The question to be decided is whether in view of such irregularities, the general election in Cavite with regard to the post of provincial governor should be quashed. Matters of this sort have hitherto been presented to this court for consideration, and have given rise, after mature study and in accordance with precedents, to the following rules upon the quashing of elections in this jurisdiction:chanrob1es virtual 1aw library

1. "When the fraud or intimidation is flagrant and its influence diffusive so that it becomes impossible to separate the good votes from the bad and determine the true result of all the good ballots cast, the returns should be avoided." (Gardiner v. Romulo, 26 Phil., 521.)

2. "Innocent voters should not be deprived of their participation in the affairs of their government for mere irregularities on the part of election officers for which they are in no way responsible." (Lino v. Rodriguez, 39 Phil., 208.)

3. "The rule is so well established that authorities need no longer be cited in its support that whenever the irregularities and frauds are sufficient to defeat the will of the people of the particular municipality or precinct, the entire vote should be rejected and those who are guilty of such frauds and irregularities should be punished to the very limit of the law." (Garchitorena v. Crescini and Imperial, 39 Phil., 258.)

4. "It must now be regarded as settled doctrine of this court that voters shall not be deprived of their votes by the mere failure of the election officers to comply with the formal prerequisites of voting, as for instance, with the requirements that an oath shall be administered to illiterate persons desiring assistance in the preparation of their ballots and that they shall be assisted by two inspectors. In order to justify the rejection of such a vote it must appear that the irregularity, or irregularities, complained of were part of a fraudulent scheme to frustrate the free expression of the desires of the electorate." (Valenzuela v. Carlos and Lopez de Jesus, 42 Phil., 428.)

5. "Where the evidence shows that in a particular precinct the secrecy of the vote was violated; the booths were not installed in conformity with law, the inspectors entered the booths to electioneer and see what the voters were writing; the will of many voters was defrauded, as they were not allowed to cast their votes freely, but were given ballots already prepared by the inspectors or leaders; where coercion was practiced upon many other voters by the election inspectors by snatching away from them their ballots and tearing them into pieces after reading them; the illiterate voters were not required to take the prescribed oath of their incapacity; the registry lists and the minutes of the election were not properly kept, and, lastly, after the boxes were locked, the municipal secretary opened them and tampered with the ballots and mixed them; the election in said precinct must be annulled, as the intent to defraud the will of the electorate is manifest, and it is impossible to tell with certainty just what was the true result of the election ." (Cailles v. Gomez and Barbaza, 42 Phil., 496.)
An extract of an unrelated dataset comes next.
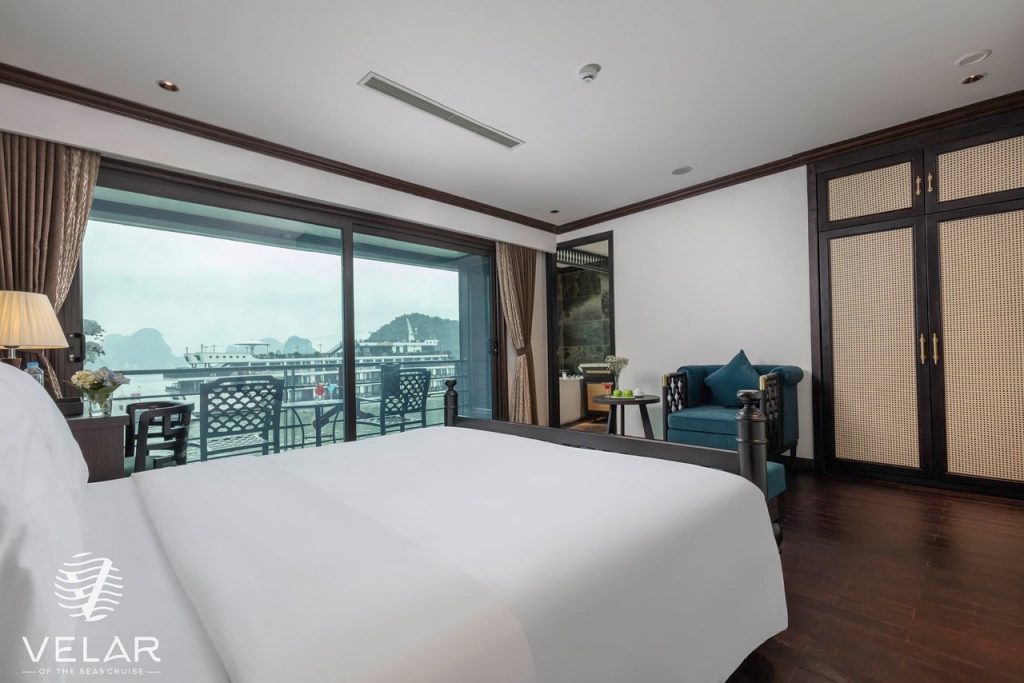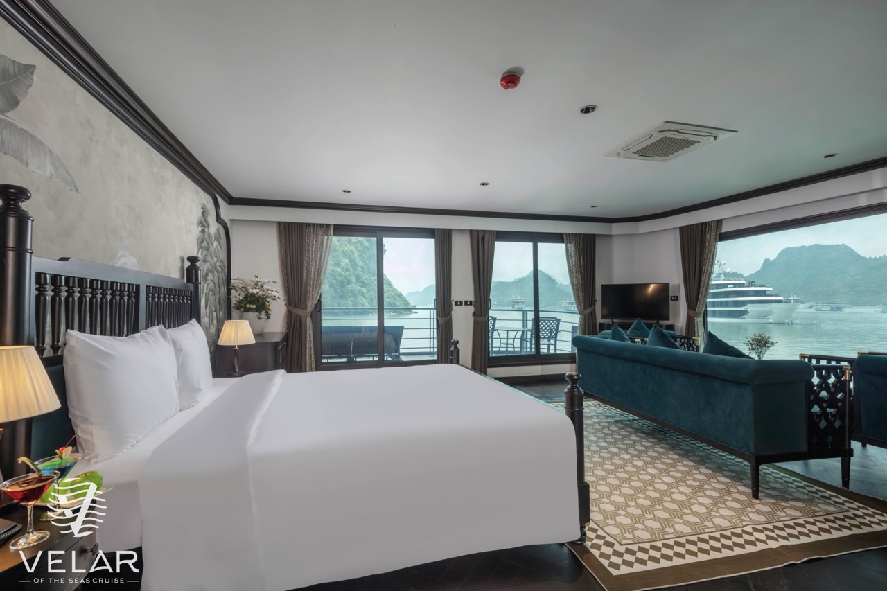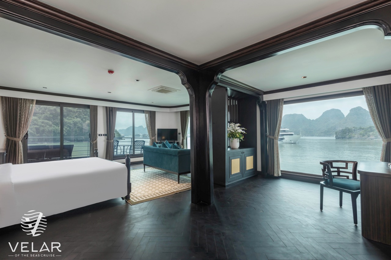 Velar of the Seas positions itself as a modern, neoclassical luxury cruise focusing on space, privacy, and a quieter Lan Ha Bay experience rather than crowded sightseeing loops.

6. "When the fraudulent are so mixed up with the legal ballots that the legal cannot be separated from the illegal ballots, and the election returns are not reliable by reason of certain marks thereon, indicating that they have been falsified, the election must be annulled." (Mandac v. Samonte, 49 Phil., 284.)

In the case at bar the illegal ballots can be determined and set aside and also which of the two candidates was voted for therein; and furthermore, it is possible, as was done by the trial court, to ascertain for whom the official ballots had been cast that were later withdrawn and substituted. Thus it is that while the court is disgusted with the brazen violation of the secret of the ballot practised by some leaders, and the malice with which hundred of electors of both political parties have played into their hands, allowing others to prepare their ballots for them, it cannot legally hold that these irregularities justify the cancellation of the general election in question. And this conclusion is arrived at not only from a consideration of the disturbances and expenditures attendant on a new election, but also of the circumstances that the appellant and the appellee only discuss the votes of some two thousand voters from among 22,982 who took part in this general election. The court is of opinion and so holds, that there being no question as to the legality of the votes cast by the twenty thousand innocent voters, they should not be deprived of their right of suffrage by declaring the whole election quashed.

By virtue whereof, the judgment appealed from must be, as it is hereby, affirmed, but with the costs of this instance charged half and half to the parties. So ordered.

Avanceña, C.J., Malcolm, Ostrand and Villa-Real, JJ., concur.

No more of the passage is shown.